### Exercise
The full set of entries is to be printed exactly, with pictures excluded.

=-=-=

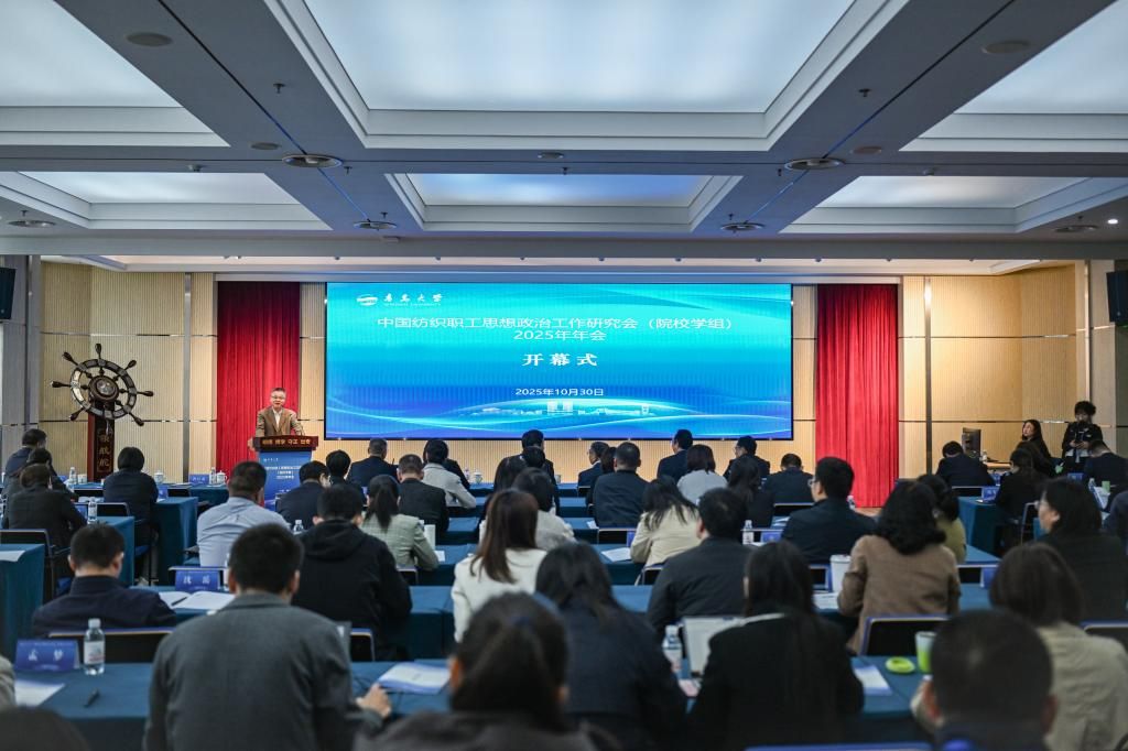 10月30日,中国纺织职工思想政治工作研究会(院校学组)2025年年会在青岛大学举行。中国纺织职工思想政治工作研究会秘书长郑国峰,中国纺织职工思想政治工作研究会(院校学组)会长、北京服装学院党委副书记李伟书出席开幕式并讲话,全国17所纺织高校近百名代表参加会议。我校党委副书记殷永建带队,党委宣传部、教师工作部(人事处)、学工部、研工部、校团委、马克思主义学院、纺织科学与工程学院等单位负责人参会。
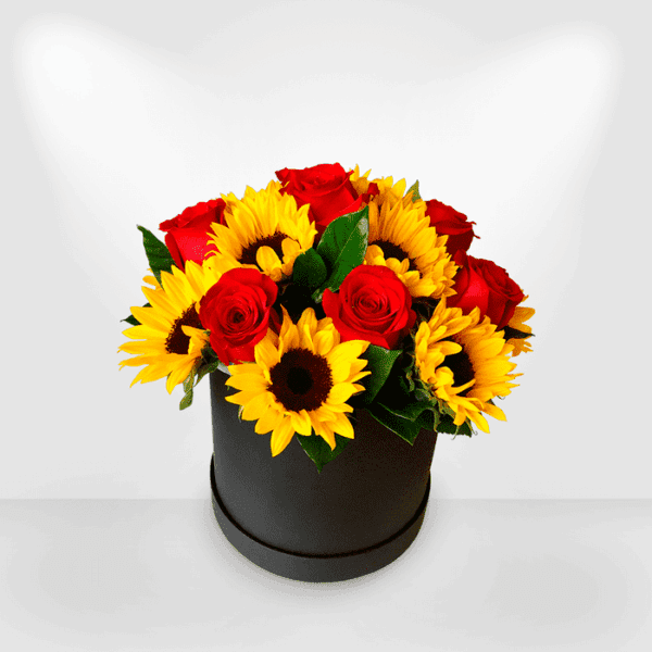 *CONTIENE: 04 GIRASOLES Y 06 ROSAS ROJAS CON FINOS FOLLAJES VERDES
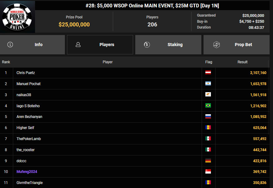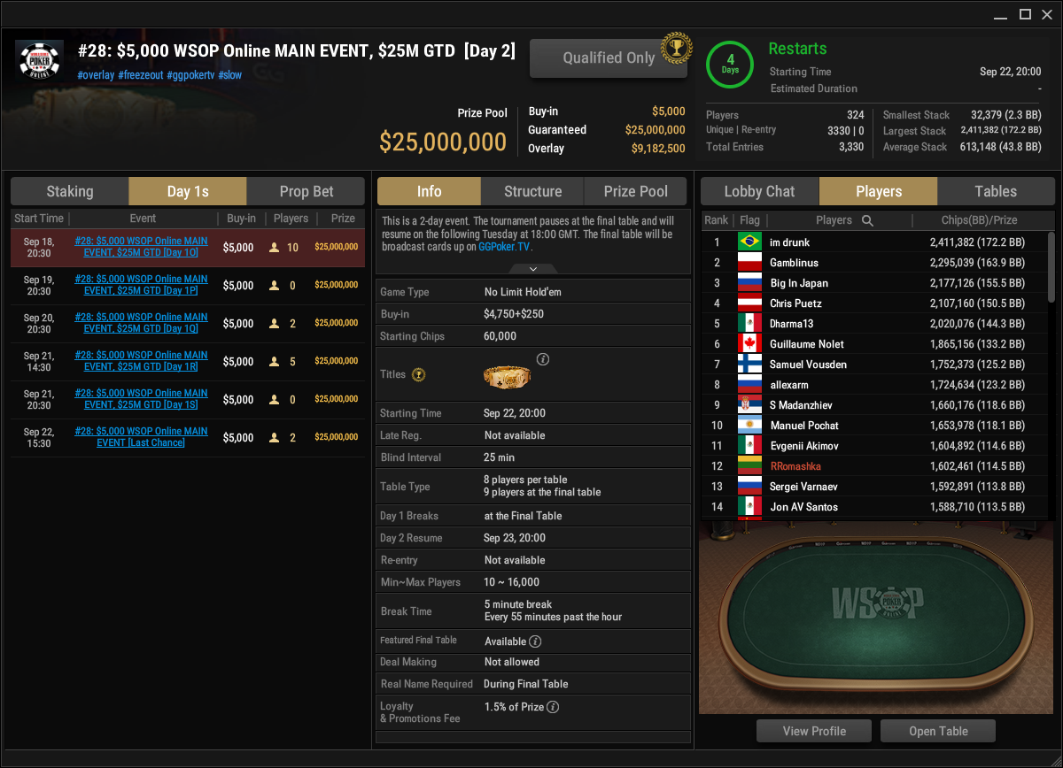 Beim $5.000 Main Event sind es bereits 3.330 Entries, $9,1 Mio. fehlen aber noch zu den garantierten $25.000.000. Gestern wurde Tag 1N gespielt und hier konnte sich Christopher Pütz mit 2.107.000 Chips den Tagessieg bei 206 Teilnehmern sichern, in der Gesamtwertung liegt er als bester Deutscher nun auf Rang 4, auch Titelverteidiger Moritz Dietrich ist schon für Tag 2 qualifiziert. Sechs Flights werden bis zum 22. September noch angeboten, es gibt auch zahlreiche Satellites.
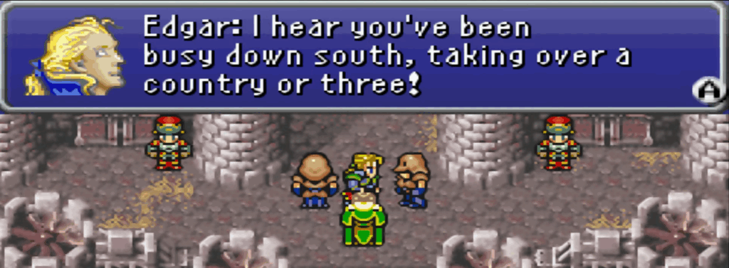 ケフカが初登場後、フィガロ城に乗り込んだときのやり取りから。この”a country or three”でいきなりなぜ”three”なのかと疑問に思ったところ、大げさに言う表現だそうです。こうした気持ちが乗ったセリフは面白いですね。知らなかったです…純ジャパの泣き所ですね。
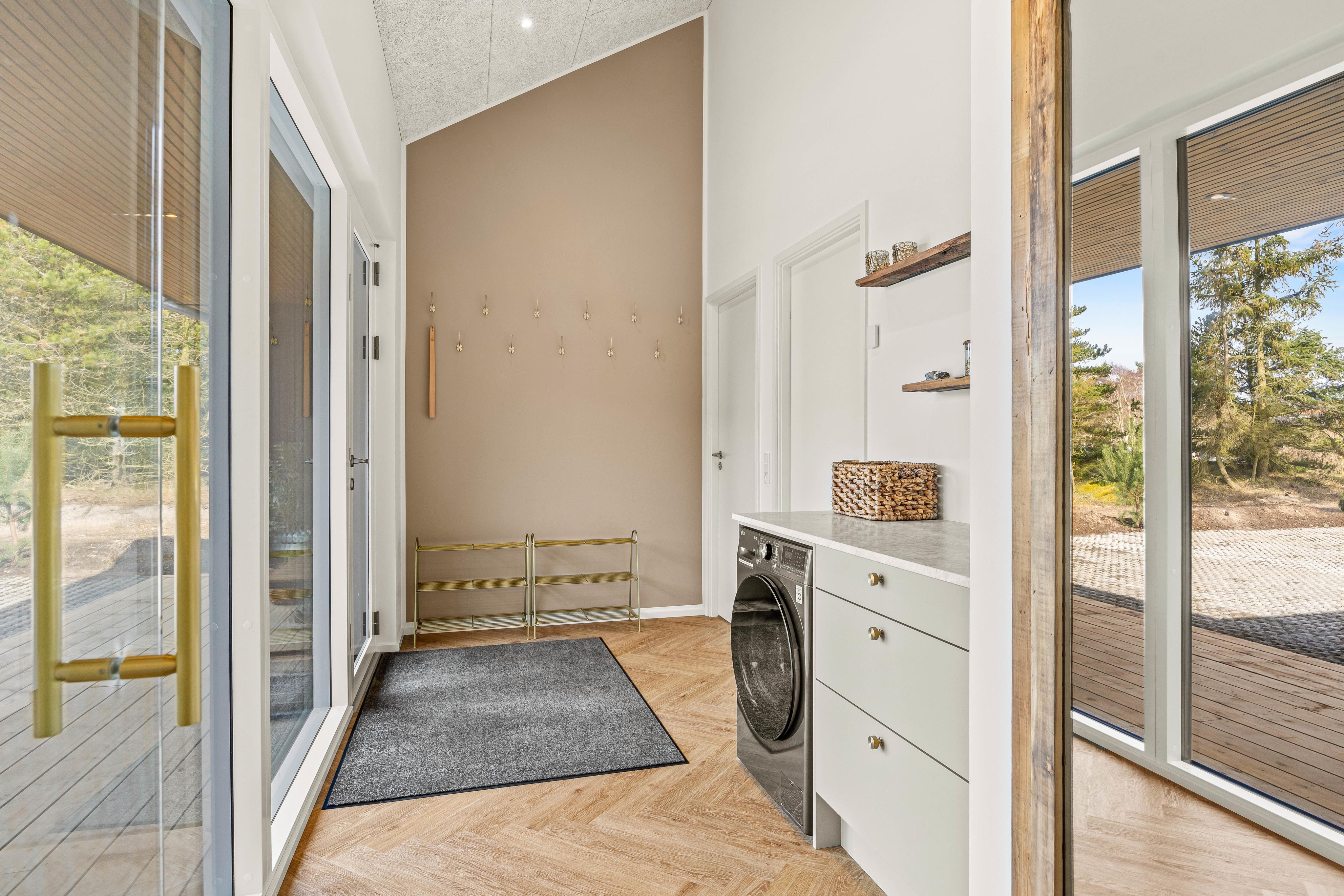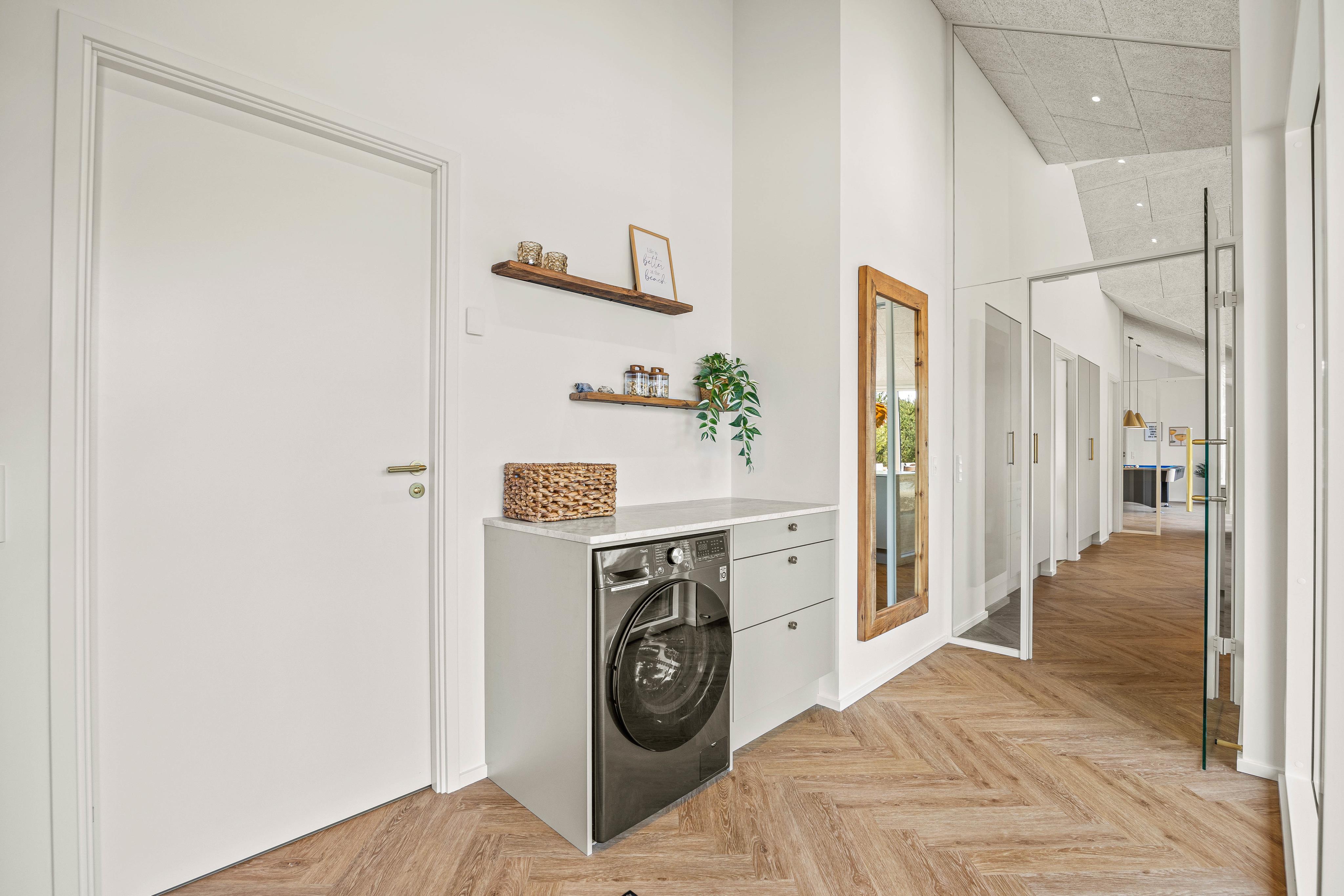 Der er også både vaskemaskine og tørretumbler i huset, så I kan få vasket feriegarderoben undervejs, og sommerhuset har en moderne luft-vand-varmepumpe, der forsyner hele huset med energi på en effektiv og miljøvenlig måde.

=-=-=

### Answer to this exercise
 10月30日,中国纺织职工思想政治工作研究会(院校学组)2025年年会在青岛大学举行。中国纺织职工思想政治工作研究会秘书长郑国峰,中国纺织职工思想政治工作研究会(院校学组)会长、北京服装学院党委副书记李伟书出席开幕式并讲话,全国17所纺织高校近百名代表参加会议。我校党委副书记殷永建带队,党委宣传部、教师工作部(人事处)、学工部、研工部、校团委、马克思主义学院、纺织科学与工程学院等单位负责人参会。
 *CONTIENE: 04 GIRASOLES Y 06 ROSAS ROJAS CON FINOS FOLLAJES VERDES
 Beim $5.000 Main Event sind es bereits 3.330 Entries, $9,1 Mio. fehlen aber noch zu den garantierten $25.000.000. Gestern wurde Tag 1N gespielt und hier konnte sich Christopher Pütz mit 2.107.000 Chips den Tagessieg bei 206 Teilnehmern sichern, in der Gesamtwertung liegt er als bester Deutscher nun auf Rang 4, auch Titelverteidiger Moritz Dietrich ist schon für Tag 2 qualifiziert. Sechs Flights werden bis zum 22. September noch angeboten, es gibt auch zahlreiche Satellites.
 ケフカが初登場後、フィガロ城に乗り込んだときのやり取りから。この”a country or three”でいきなりなぜ”three”なのかと疑問に思ったところ、大げさに言う表現だそうです。こうした気持ちが乗ったセリフは面白いですね。知らなかったです…純ジャパの泣き所ですね。
 Der er også både vaskemaskine og tørretumbler i huset, så I kan få vasket feriegarderoben undervejs, og sommerhuset har en moderne luft-vand-varmepumpe, der forsyner hele huset med energi på en effektiv og miljøvenlig måde.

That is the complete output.